Saat-saat perampok itu mengganas di kampungnya, Wiratama terlambat untuk mencegah, karena ia baru kembali dari menghadap Adipati di Luragung.
Kobaran api melahap rumah-rumah penduduk yang terbuat dari papan-papan kayu Pinus yang banyak betebaran di kaki Gunung Ciremai. Jerit tangis wanita dan anak - anak mewarnai malam mengerikan tersebut. Wiratama tidak merasakan lelah yang mendera nya akibat dari perjalanan, karena saat dia kembali, ia melihat dari depan kampungnya nyala api yang demikian besar dan mendengar teriakan suara warganya .
Wiratama segera berlari dengan cepat melewati jalan pengawal-pengawalnya, "Brodin bawa yang lain untuk segera memeriksa keadaan kampung, aku akan mendahului melihat kesana", teriakannya keras memerintah pengawal-pengawal yang berada di belakangnya.
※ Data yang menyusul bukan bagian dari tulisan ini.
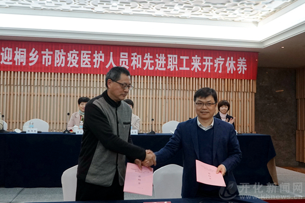儀式上,開化縣和桐鄉市本著“優勢互補、資源共享、互惠互贏、共同發展”的原則,簽訂兩地療休養合作協議。根據協議,雙方將進一步加強日常工作的學習和交流,設立聯絡溝通渠道,并在職工療休養方面最大程度地給予對方便利,實現工作互助、客源互送、產品互惠、成果互享。
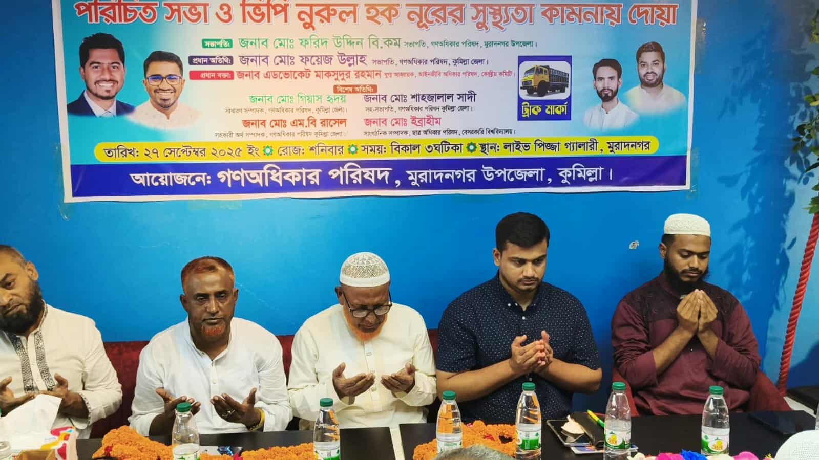 গণ-অধিকার পরিষদ মুরাদনগর উপজেলা শাখার নব-নির্বাচিত কমিটির পরিচিতি সভা ও দলটির সভাপতি ভিপি নুরুল হক নুরের সুস্থতা কামনায় দোয়া মাহফিল অনুষ্ঠিত হয়েছে।

Brodin tidak menjawab teriakan perintah dari Sang Kuwu, diapun merasakan was-was dan khawatir dengan keadaan kampung, maka dari itu Ia ikut berlari bersama kawan-kawan yang lain untuk menyusul ke dalam kampung.
Sesampainya di tepi perkampungan, Wiratama melihat beberapa pria yang tidak dia kenal sedang berteriak dan tertawa terbahak -bahak, "mampuslah kalian penduduk Jalaksana, hidup kalian hanya cukup sampai hari ini". Orang-orang tersebut bertampang sangar dan mengerikan, tangan mereka membawa obor yang masih menyala dan membakari rumah-rumah penduduk. Sebagian dari mereka membabat siapapun yang keluar dari rumah-rumah, tidak peduli kaum wanita ataupun anak-anak. Golok-golok mereka yang terhunus masih meneteskan darah segar, terlihat oleh Wiratama karena pantulan cahaya dari api yang membakar rumah penduduk.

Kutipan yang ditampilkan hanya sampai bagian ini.